構えが崩れない相手、腕力が弱い相手に有効です。
ポイントは自分が右手と竹刀が繋がっているイメージで、手でものを払うように相手の竹刀を払う事です。
また、剣先ではなく竹刀の柄元(手元に近いところ)の方を払った方がより少ない力で効果的に払う事ができます。
画像出典:ライブドアNews
|引き小手
小手打ちは前に出る技だけではありません。
得意不得意がはっきりしますが、引き小手も何種類かご紹介します。
基本的な引き小手
鍔迫り合いの状態から相手を下げる、もしくは自分が下がり左拳を引きながら、右手首で竹刀を下に落として小手を打突します。
打ったままの形を維持したまま全速力で後ろに下がり、残心を取ります。
退くスピードが少しでも遅いと後打ちを狙われる可能性がありますし、相手との間合いが切れない為一本にはなりません。
中間までの引き小手
初立ちや構えあった瞬間に有効な技です。
竹刀を少しだけ振りかぶりながら一歩で大きく間合いに入り、相手の手元が浮いた所に引き小手を決めます。
体勢を前から後ろに瞬時に切り替える事と小手を落とす時の手首の強さが求められます。
画像出典:LET’S KENDO
|小手の打たせ方
面や胴を打たせるのに比べて、小手を打たせるのは強い痛みを伴う場合があります。。
パワーのある選手の小手打ちを連続で受けると、打突箇所が腫れてしまったり、場合によっては骨にヒビがはいってしまうケースもあります。

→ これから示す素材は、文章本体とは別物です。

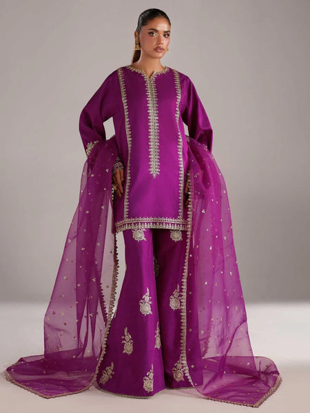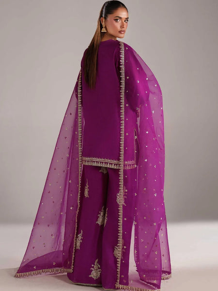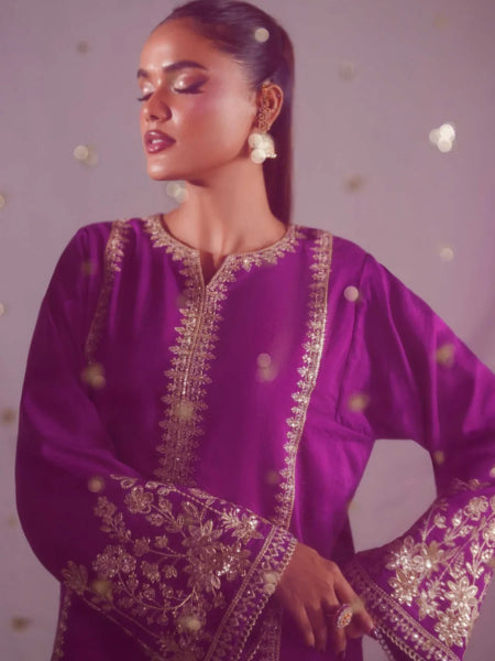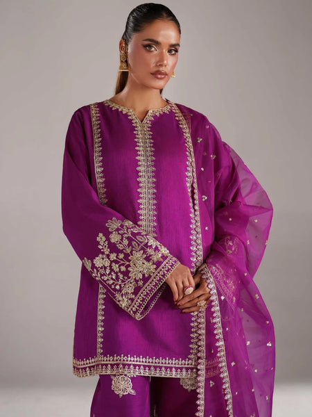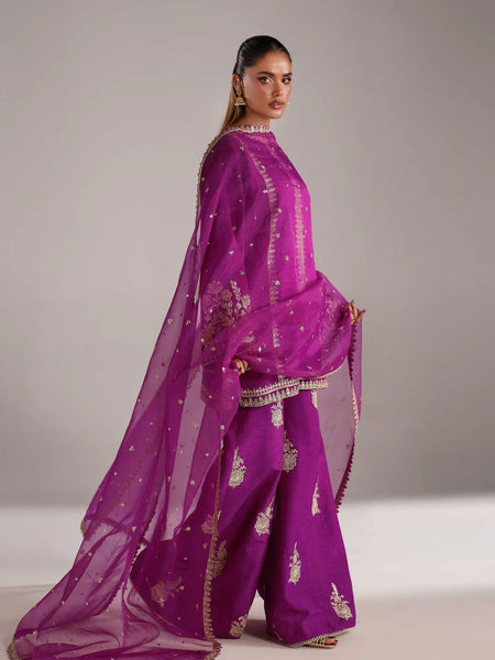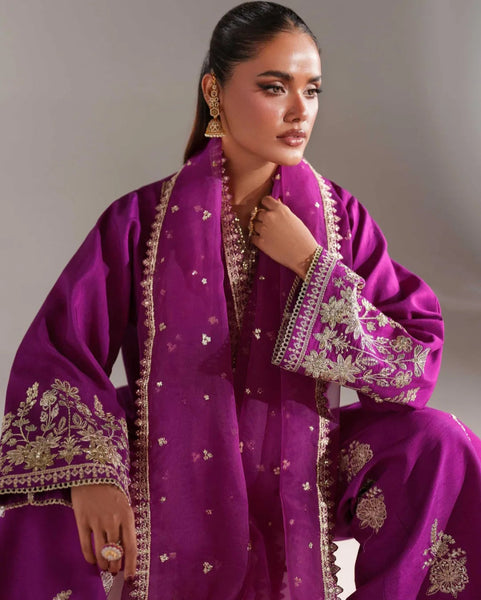 It's unstitched Stitched 3-piece korean sik tilla sequence embroidery work dress with daimond organza tilla sequence embroidery work dupatta as well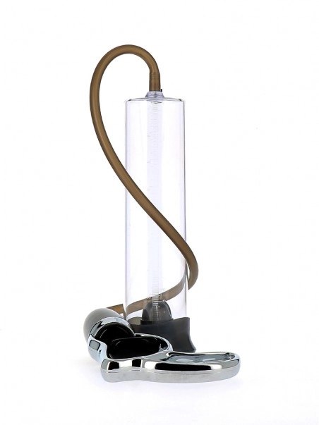 La pompe à sexe est composé d’un cylindre, un joint en Silicone et du poignée reliée au cylindre par un tuyau. Le vide d’air se fait par pression sur la gâchette.
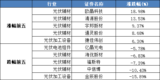 上周光伏行业中涨幅前五的公司有欧晶科技(18.98%)、清源股份(13.53%)、宇邦新材(9.37%)、通灵股份(8.68%)和捷佳伟创(6.3%);跌幅前五的公司分别是亿晶光电(-5.78%)、海优新材(-6.83%)、福斯特(-7.39%)、中信博(-10.43%)和金辰股份(-15.89%)。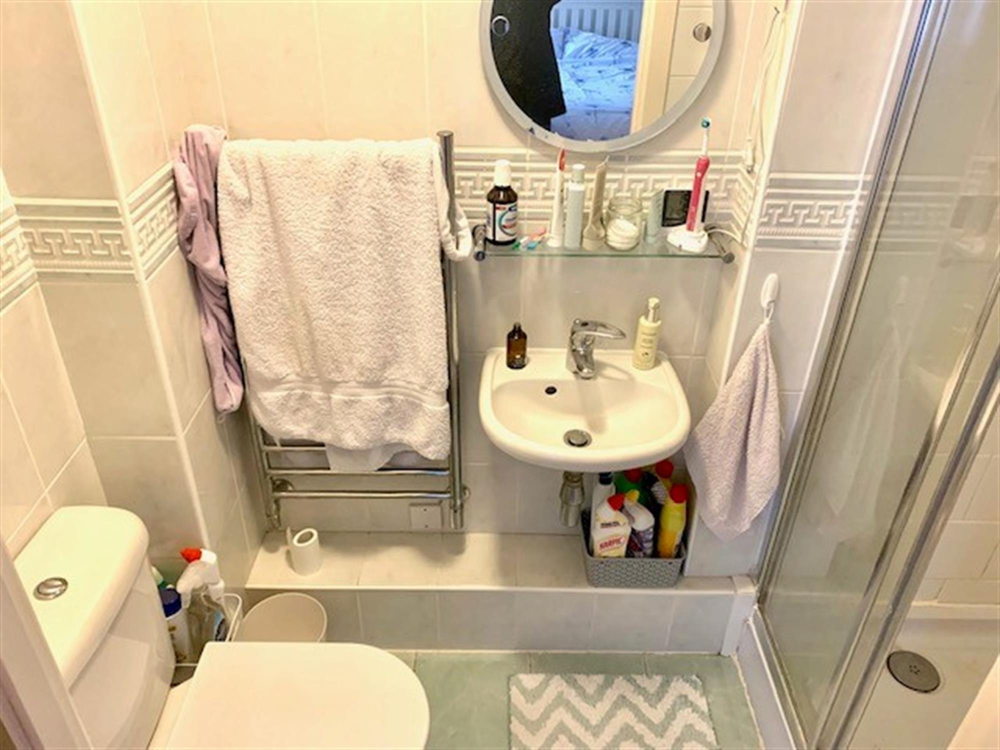 Smooth plastered ceiling with LED spotlighting. Three piece suite comprising; shower cubicle, ceramic sink with swan neck mixer tap in chrome finish and low level w.c. Tiling.

小手をどう打たせれば痛くないか、又は小手を打たせる時の痛みを軽減するグッズをいくつかご紹介します。
基本的な打たせ方
剣先はやや左斜め上に傾け、手を構えの位置よりも15cm程度前に出します。
大きく空けすぎる必要はありませんので、相手がまっすぐ降ってきたのに対し竹刀一本分だけ左に自分の竹刀をずらして小手を開けてあげます。
可能な限り、構えの位置から動く幅を小さくする事がポイントです。
自分の体と腕の中に出来る三角形を崩さずに、右足を一歩前に出しながら相手の体当たりを受けます。
※「これが正解」というものはございませんので、打たせ方の一例としてご活用ください。
痛い時の対処法
正しく小手打ちを受けていても、どうしても痛い時の対処法をいくつかご紹介します。
1.小手を少し下げる
相手が打つと同時に自分の小手を少しだけ下に下げることで、衝撃が吸収されて心なしか痛みが和らぎます。
2.右手を少し開く
右手の手首には橈骨(とうこつ)という骨があります。
右手を絞った状態で小手を打たせると、橈骨(とうこつ)の角に竹刀が当たりとても痛いのです。
右手を少し開いて手の甲の下の、橈骨(とうこつ)の平たい部分で小手打ちを受けることで痛みが和らぎます。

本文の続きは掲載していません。